TASK REQUIREMENTS —
A word-for-word retyping of the listing below is required, with the pictures dropped.

PROVIDED MATERIAL —
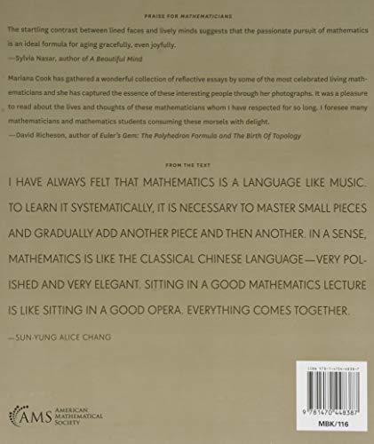 Mathematicians is a remarkable collection of ninety-two photographic portraits, featuring a selection of the most impressive mathematicians of our time. Acclaimed photographer Mariana Cook captures the exuberance and passion of these brilliant thinkers. The superb images are accompanied by autobiographical texts written by each mathematician. Together, the photographs and words illuminate a diverse group of men and women dedicated to the absorbing pursuit of mathematics. The compelling black-and-white portraits introduce readers to mathematicians who are both young and old and from notably diverse backgrounds. They include Fields Medal winners, those at the beginning of major careers, and those who are long-established celebrities in the discipline. Their candid personal essays reveal unique and wide-ranging thoughts, opinions, and humor. The mathematicians discuss how they became interested in mathematics, why they love the subject, how they remain motivated in the face of mathematical challenges, and how their greatest contributions have paved new directions for future generations. Mathematicians in the book include Jean-Pierre Serre, Henri Cartan, Karen Uhlenbeck, David Blackwell, Eli Stein, John Conway, Timothy Gowers, Frances Kirwan, Peter Lax, William Massey, John Milnor, Cathleen Morawetz, John Nash, Pierre Deligne, and James Simons. This book conveys the beauty and joy of mathematics to readers outside the field as well as those in it. These pictures and their texts are an inspiration, and a perfect gift for those who love mathematics as well as for those who think they can’t do it!
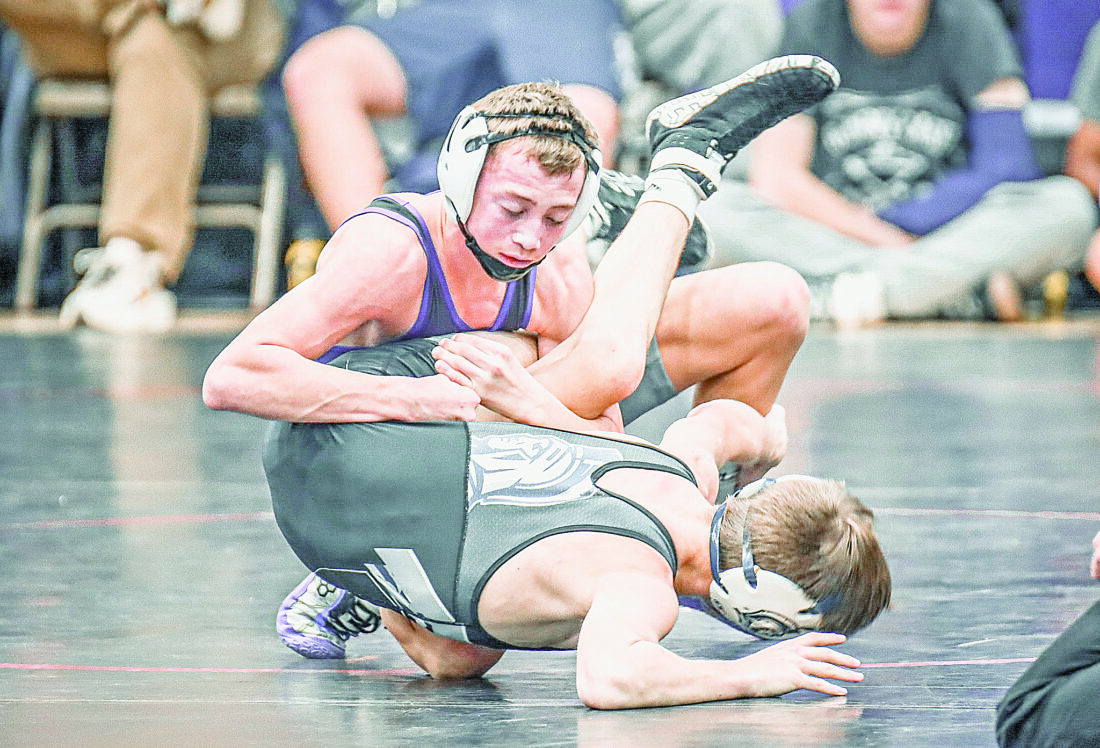Sentinel photo by KELSEY WHALEN Mifflin County’s Andrew Alexander takes down Chambersburg’s Ben Hoover en route to a 3-1 victory at the MPC Quad Meet at Mifflin County High School Saturday.
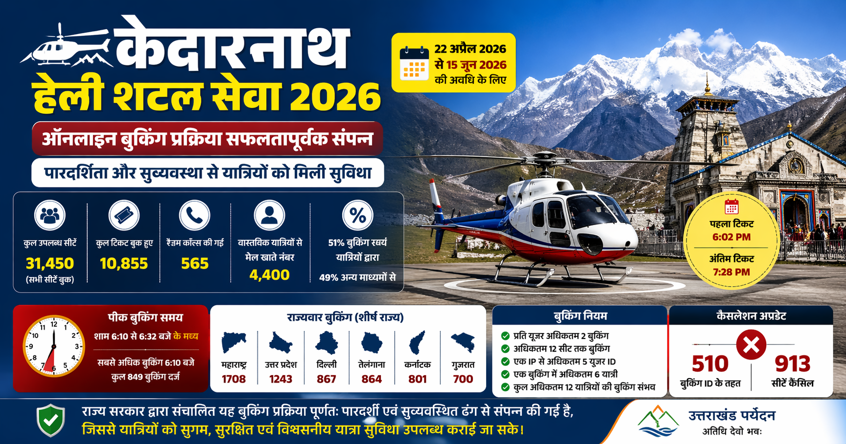 देहरादून।दिनांक 15 अप्रैल 2026 को सायं 6:00 बजे से श्री केदारनाथ हेली शटल सेवा के लिए 22 अप्रैल 2026 से 15 जून 2026 की अवधि हेतु ऑनलाइन बुकिंग  के हेली यात्रा बुकिंग पोर्टल के माध्यम से प्रारंभ की गई। निर्धारित अवधि के लिए कुल 31,450 सीटों की बुकिंग खोली गई, जिनमें 10,855 टिकटों के माध्यम से सभी 31,450 सीटों की सफलतापूर्वक बुकिंग की गई।
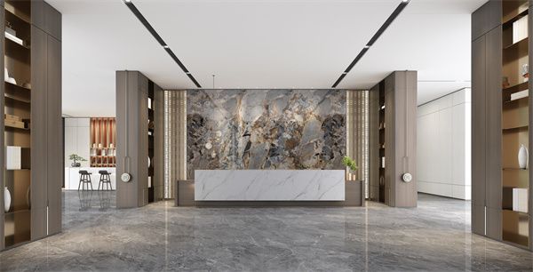 颜色层次丰富的背景墙一眼就成为空间亮点,背景墙选用将神话传说与现代元素融合创新,打造黑、白、灰、蓝、金色交织绚烂的星系列新品盘古麟石,赋予空间古朴苍茫、大气恢弘的意境情韵。
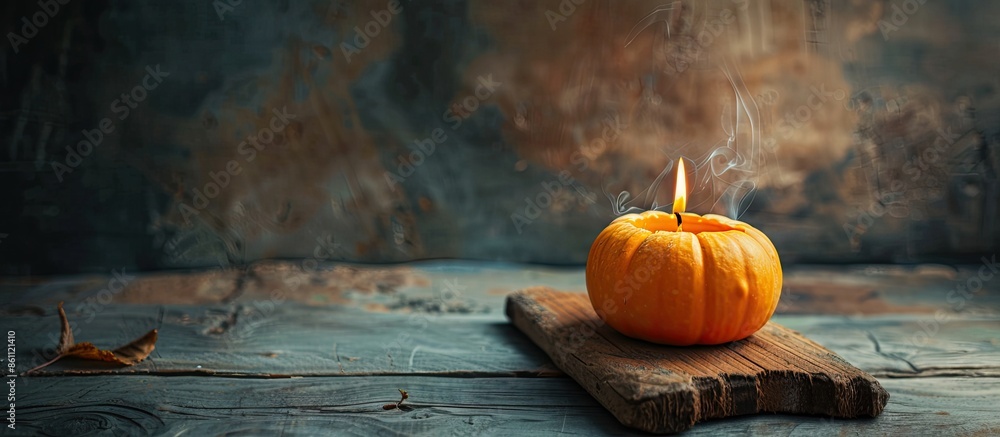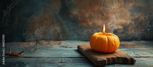 Burning candle in an orange pumpkin on a wooden board - copy space image - place for adding text and dPoster
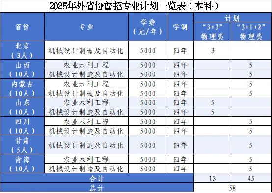 招生专业:水利水电工程、测绘工程技术、农业水利工程、生态环境工程技术、机械设计制造及自动化、自动化技术与应用。
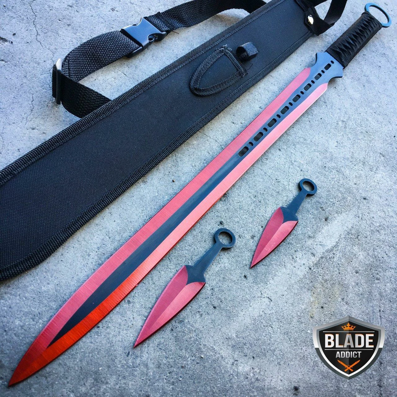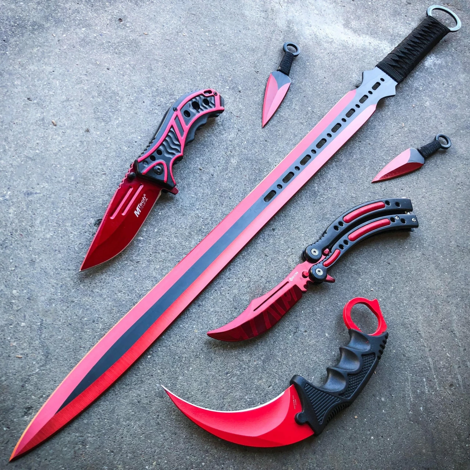 - Comes with Sword, 2 Throwing Knives, Karambit, Spring Assisted Pocket Knife, Balisong Trainer

RESPONSE TO THIS TASK —
 Mathematicians is a remarkable collection of ninety-two photographic portraits, featuring a selection of the most impressive mathematicians of our time. Acclaimed photographer Mariana Cook captures the exuberance and passion of these brilliant thinkers. The superb images are accompanied by autobiographical texts written by each mathematician. Together, the photographs and words illuminate a diverse group of men and women dedicated to the absorbing pursuit of mathematics. The compelling black-and-white portraits introduce readers to mathematicians who are both young and old and from notably diverse backgrounds. They include Fields Medal winners, those at the beginning of major careers, and those who are long-established celebrities in the discipline. Their candid personal essays reveal unique and wide-ranging thoughts, opinions, and humor. The mathematicians discuss how they became interested in mathematics, why they love the subject, how they remain motivated in the face of mathematical challenges, and how their greatest contributions have paved new directions for future generations. Mathematicians in the book include Jean-Pierre Serre, Henri Cartan, Karen Uhlenbeck, David Blackwell, Eli Stein, John Conway, Timothy Gowers, Frances Kirwan, Peter Lax, William Massey, John Milnor, Cathleen Morawetz, John Nash, Pierre Deligne, and James Simons. This book conveys the beauty and joy of mathematics to readers outside the field as well as those in it. These pictures and their texts are an inspiration, and a perfect gift for those who love mathematics as well as for those who think they can’t do it!
Sentinel photo by KELSEY WHALEN Mifflin County’s Andrew Alexander takes down Chambersburg’s Ben Hoover en route to a 3-1 victory at the MPC Quad Meet at Mifflin County High School Saturday.
 देहरादून।दिनांक 15 अप्रैल 2026 को सायं 6:00 बजे से श्री केदारनाथ हेली शटल सेवा के लिए 22 अप्रैल 2026 से 15 जून 2026 की अवधि हेतु ऑनलाइन बुकिंग  के हेली यात्रा बुकिंग पोर्टल के माध्यम से प्रारंभ की गई। निर्धारित अवधि के लिए कुल 31,450 सीटों की बुकिंग खोली गई, जिनमें 10,855 टिकटों के माध्यम से सभी 31,450 सीटों की सफलतापूर्वक बुकिंग की गई।
 颜色层次丰富的背景墙一眼就成为空间亮点,背景墙选用将神话传说与现代元素融合创新,打造黑、白、灰、蓝、金色交织绚烂的星系列新品盘古麟石,赋予空间古朴苍茫、大气恢弘的意境情韵。
 Burning candle in an orange pumpkin on a wooden board - copy space image - place for adding text and dPoster
 招生专业:水利水电工程、测绘工程技术、农业水利工程、生态环境工程技术、机械设计制造及自动化、自动化技术与应用。
 - Comes with Sword, 2 Throwing Knives, Karambit, Spring Assisted Pocket Knife, Balisong Trainer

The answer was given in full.